On peut imaginer publier au jour le jour des fragments sur un site privé, sans cesse les réorganiser, les reprendre, en ajouter, en supprimer, avant de tout libérer. Je crois que François Bon fait ça dans sa cuisine. C’est aussi une écriture Web et elle peut être aussi fermée qu’un livre, sachant qu’on peut toujours ajouter quelque chose, même après publication, je l’ai fait avec Ératosthène.

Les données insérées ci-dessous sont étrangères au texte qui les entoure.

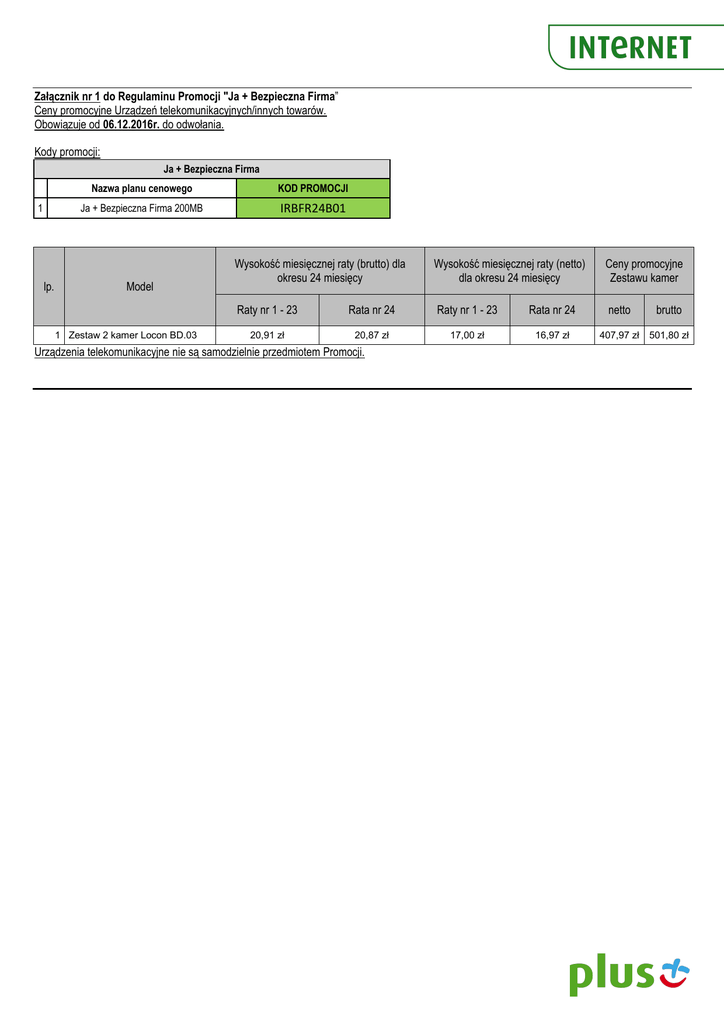 Załącznik nr 1 do Regulaminu Promocji "Ja + Bezpieczna Firma” Ceny promocyjne Urządzeń telekomunikacyjnych/innych towarów. Obowiązuje od 06.12.2016r. do odwołania. Kody promocji: Ja + Bezpieczna Firma 1 lp. Nazwa planu cenowego KOD PROMOCJI Ja + Bezpieczna Firma 200MB IRBFR24B01 Model 1 Zestaw 2 kamer Locon BD.03 Wysokość miesięcznej raty (brutto) dla okresu 24 miesięcy Wysokość miesięcznej raty (netto) dla okresu 24 miesięcy Ceny promocyjne Zestawu kamer Raty nr 1 - 23 Rata nr 24 Raty nr 1 - 23 Rata nr 24 netto brutto 20,91 zł 20,87 zł 17,00 zł 16,97 zł 407,97 zł 501,80 zł Urządzenia telekomunikacyjne nie są samodzielnie przedmiotem Promocji.
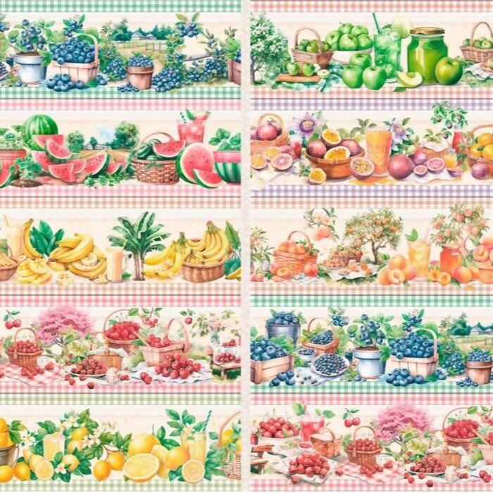 Descrição Tecido Tricoline Digital Barrado Frutas Encantadas
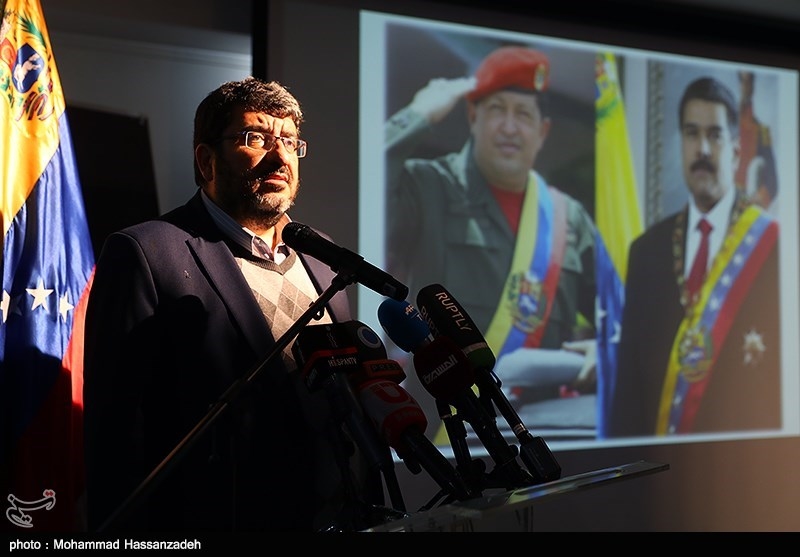 من جهته أعرب السفير الفنزويلي في طهران عن شكره للدعم الحكومي والشعبي والطلابي في ايران، قائلا، ان بلادنا تتعرض لتدخل الامبريالية لكنها اصطدمت الان بوحدة الشعب الفنزويلي.
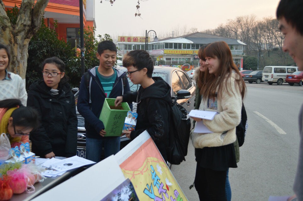 23日下午4:00,义卖在象山、南苑和东苑正式拉开帷幕。当我们的宣传海报贴出来时,现场就吸引来不少同学,现场的陶学子热情的向大家介绍义卖活动的具体情况,以期得到更多的同学关注和购买。刚开始,各个摊点还是稍显冷清的,但大家还是耐心的介绍宣传。晚饭期间,当大量的人开始涌入食堂的时候,义卖现场马上变了模样,购买的同学一个接一个,活动现场好不热闹。东苑食堂前的摊点更是吸引来了班级班委的目光,一下就卖出出三十个平安果,同时在现场购买的人还幸运的抽走了一二等奖,引得现场的人直喊“好手气”。夜幕降临,随着吃饭的人群慢慢散去,义卖现场开始又冷清了。但我们的陶学子为了卖出更多的平安果,筹的更多的善款,大家继续在冷风中坚守,直到晚上8:30。
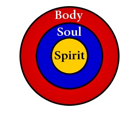 The reason for occasional overlapping of these terms is that, conceptually, just as the immaterial aspect of man is “in” the body, so the human spirit is “in” the soul. This model can be illustrated by concentric circles.
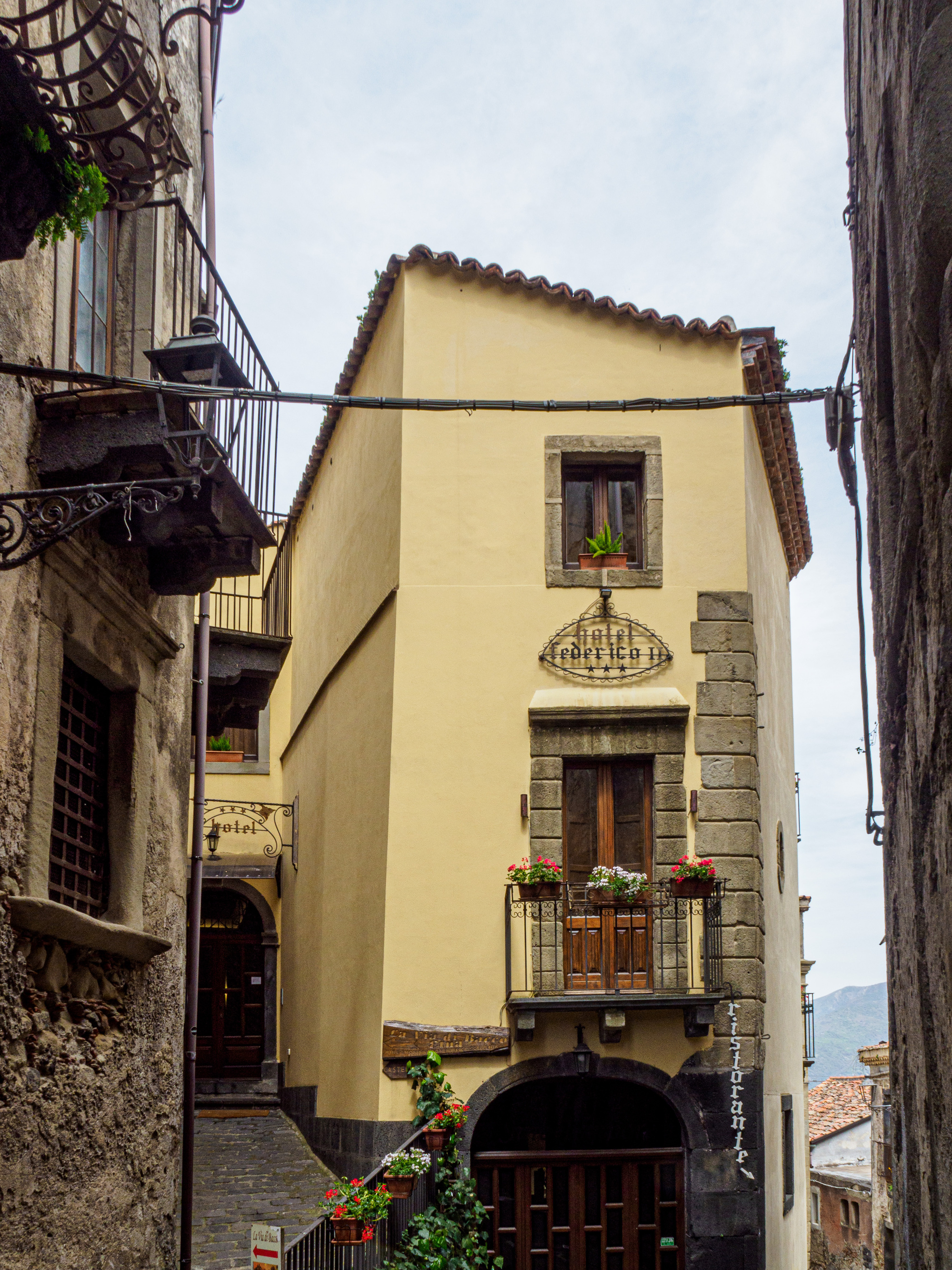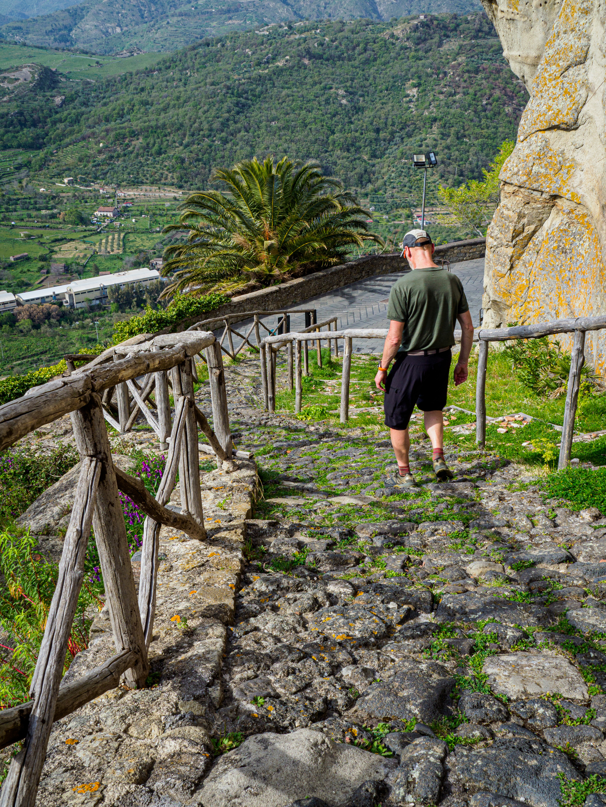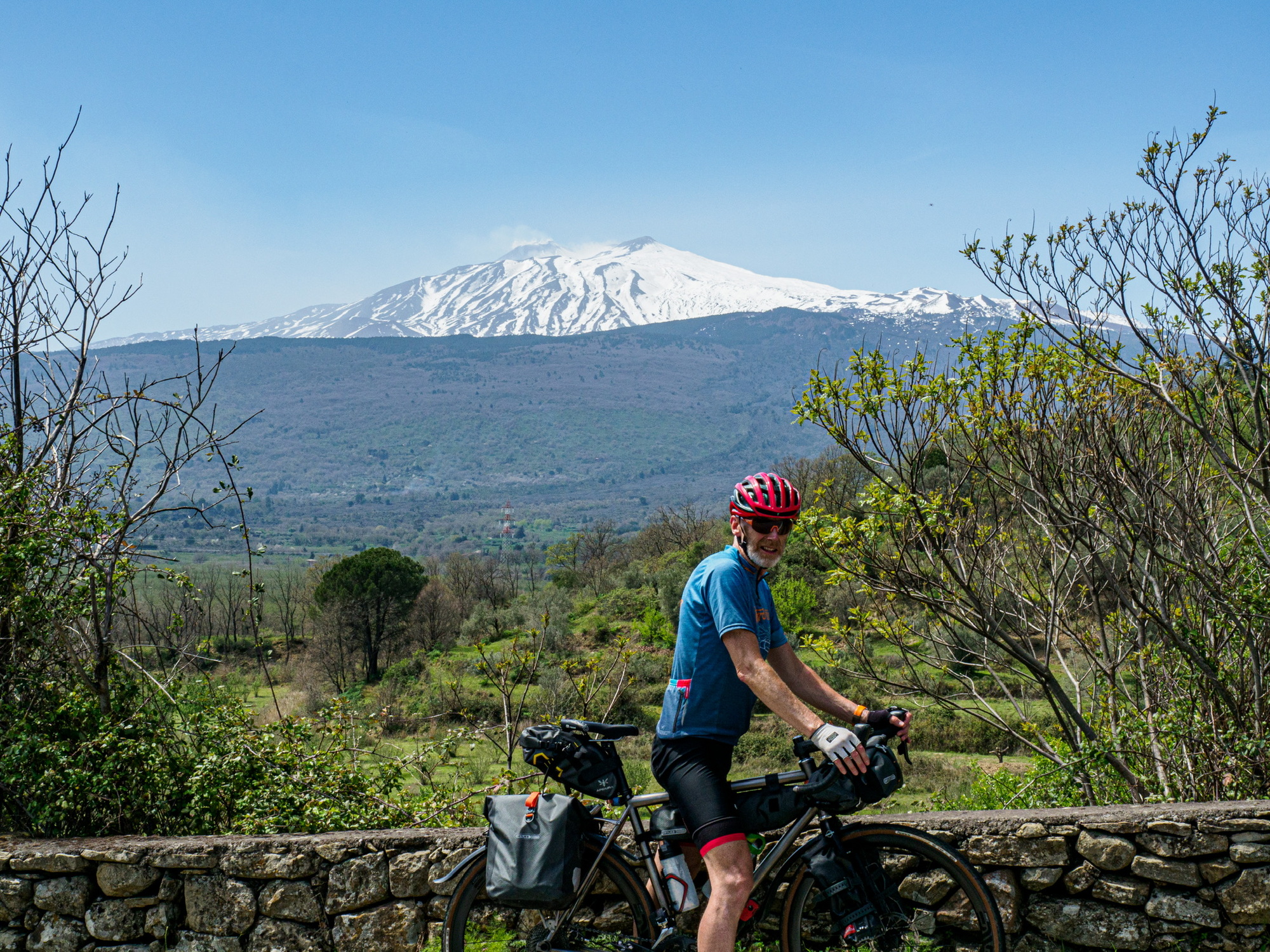 I’d created two possible routes, one taking Via Mareneve, the scenic road that climbs over the northeast shoulder of Etna, and one that sticks to SP 59 between Fornazza and Linguaglossa. When we got to Fornazza and decision time, we both opted for the low road. We had already climbed 300 metres and the question was whether we wanted to climb 300 or 900 metres more. Al said it was fine by him to stay on the lower road but it was my call. I think he wanted to take the easier road but didn’t want to admit it! I chose the low road and it was very pleasant. Fewer photos from the road again today, perhaps we’re getting accustomed to the scenery after 4 weeks…
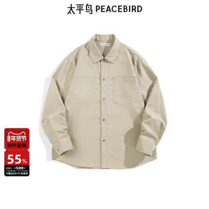 太平鸟男装户外 工装长袖衬衫秋季纯色潮流时尚衬衣外套

Je vois encore un mérite au papier. Comme on ne peut pas y revenir, je suis beaucoup plus attentif, plus rigoureux, je bosse plus pour tout dire. Il n’en sera ainsi avec le Web qu’au moment justement où il aura le même statut symbolique que le papier.

Daniel

Bon, après notre mort… C’est noté dans mon agenda.

Les deux modes que tu évoques dans ton cas, Send vs TL (temps long), je ne sais pas si pour toi, ils sont exclusifs l’un de l’autre (tu fais d’une part des textes principalement Send, d’autres part des textes qui sont écrits sur le TL et ne sortent que “terminés”) ou consécutif (des Send sont agrégés pour être travaillés sur TL).

Perso, je n’ai pas de temps long, au sens où il n’y a quasi jamais de pensée « avant » l’écriture et le Send : j’ai une vague idée, presque plutôt un sentiment, et c’est le fait de l’écrire qui lui donne corps et la précise, me fait comprendre de quoi je voulais parler (mais curieusement, c’est toujours à côté, ce que j’écris finalement). Derrière, j’envoie direct sur Face Écran pour m’en libérer (un truc en suspens, ça me fait flipper en fait).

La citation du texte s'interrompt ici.